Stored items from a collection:
-----

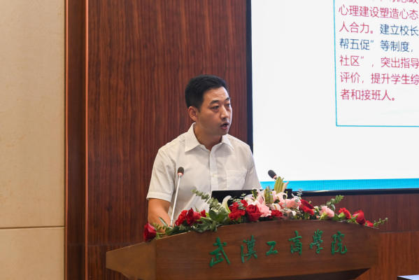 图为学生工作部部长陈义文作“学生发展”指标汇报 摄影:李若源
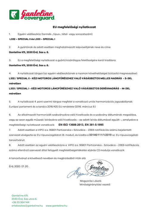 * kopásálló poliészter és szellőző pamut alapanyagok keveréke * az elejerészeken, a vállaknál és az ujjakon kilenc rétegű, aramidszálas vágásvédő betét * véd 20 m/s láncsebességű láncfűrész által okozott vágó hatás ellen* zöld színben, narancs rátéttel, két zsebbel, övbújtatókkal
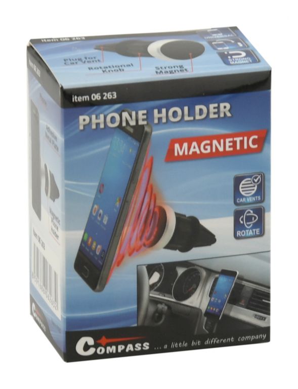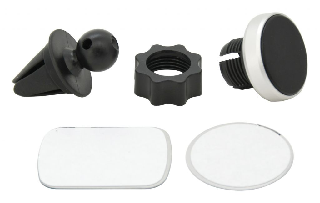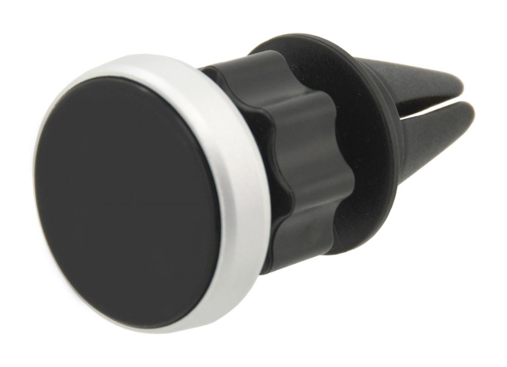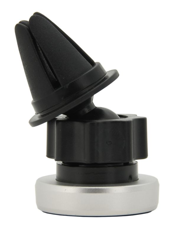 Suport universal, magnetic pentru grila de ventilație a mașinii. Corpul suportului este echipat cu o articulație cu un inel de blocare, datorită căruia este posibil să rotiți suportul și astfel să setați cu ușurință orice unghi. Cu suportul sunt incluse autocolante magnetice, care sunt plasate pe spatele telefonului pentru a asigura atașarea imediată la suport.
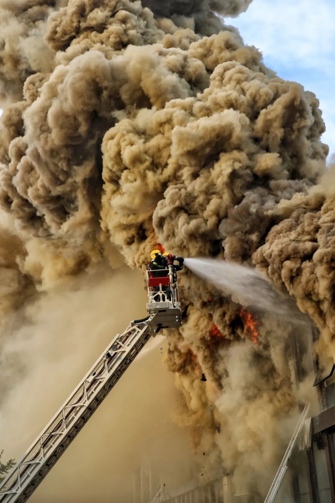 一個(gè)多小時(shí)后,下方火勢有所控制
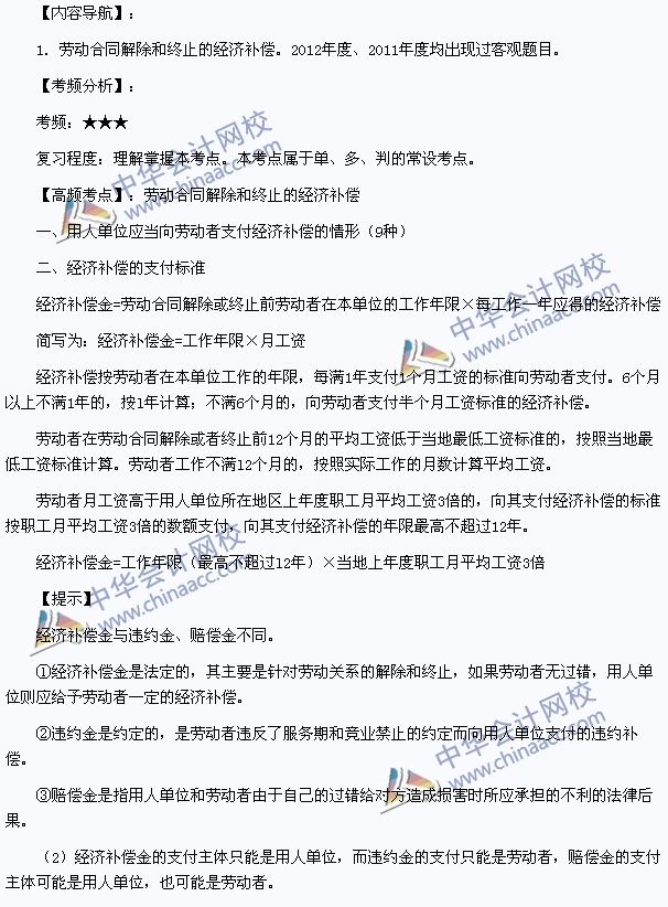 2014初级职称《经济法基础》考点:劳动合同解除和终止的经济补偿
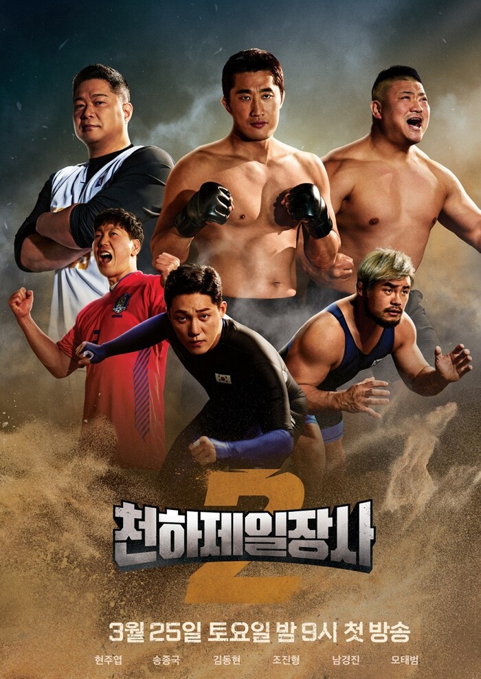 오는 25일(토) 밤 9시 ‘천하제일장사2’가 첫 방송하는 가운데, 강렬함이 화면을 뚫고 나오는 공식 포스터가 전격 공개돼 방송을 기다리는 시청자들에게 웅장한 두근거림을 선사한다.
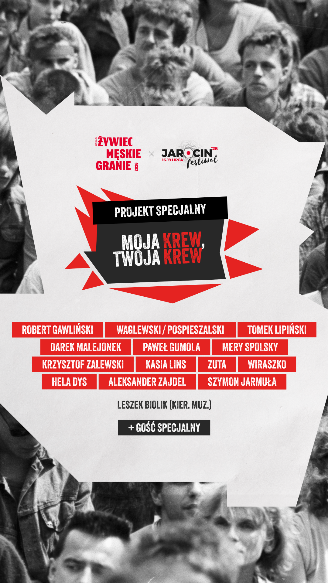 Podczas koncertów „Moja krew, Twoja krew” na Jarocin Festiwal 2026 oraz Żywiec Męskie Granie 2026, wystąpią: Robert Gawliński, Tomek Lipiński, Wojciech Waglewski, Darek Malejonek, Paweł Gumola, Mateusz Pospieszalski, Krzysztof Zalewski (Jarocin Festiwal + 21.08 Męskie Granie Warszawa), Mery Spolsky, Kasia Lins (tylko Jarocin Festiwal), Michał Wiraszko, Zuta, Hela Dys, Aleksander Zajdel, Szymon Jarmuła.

-----

Exercise prompt> Reproduce only the lines between the line with "két zsebbel, övbújtatókkal" and the final line of the records, both included, so that the copy matches them exactly and contains no pictures.

Task answer>
 * kopásálló poliészter és szellőző pamut alapanyagok keveréke * az elejerészeken, a vállaknál és az ujjakon kilenc rétegű, aramidszálas vágásvédő betét * véd 20 m/s láncsebességű láncfűrész által okozott vágó hatás ellen* zöld színben, narancs rátéttel, két zsebbel, övbújtatókkal
 Suport universal, magnetic pentru grila de ventilație a mașinii. Corpul suportului este echipat cu o articulație cu un inel de blocare, datorită căruia este posibil să rotiți suportul și astfel să setați cu ușurință orice unghi. Cu suportul sunt incluse autocolante magnetice, care sunt plasate pe spatele telefonului pentru a asigura atașarea imediată la suport.
 一個(gè)多小時(shí)后,下方火勢有所控制
 2014初级职称《经济法基础》考点:劳动合同解除和终止的经济补偿
 오는 25일(토) 밤 9시 ‘천하제일장사2’가 첫 방송하는 가운데, 강렬함이 화면을 뚫고 나오는 공식 포스터가 전격 공개돼 방송을 기다리는 시청자들에게 웅장한 두근거림을 선사한다.
 Podczas koncertów „Moja krew, Twoja krew” na Jarocin Festiwal 2026 oraz Żywiec Męskie Granie 2026, wystąpią: Robert Gawliński, Tomek Lipiński, Wojciech Waglewski, Darek Malejonek, Paweł Gumola, Mateusz Pospieszalski, Krzysztof Zalewski (Jarocin Festiwal + 21.08 Męskie Granie Warszawa), Mery Spolsky, Kasia Lins (tylko Jarocin Festiwal), Michał Wiraszko, Zuta, Hela Dys, Aleksander Zajdel, Szymon Jarmuła.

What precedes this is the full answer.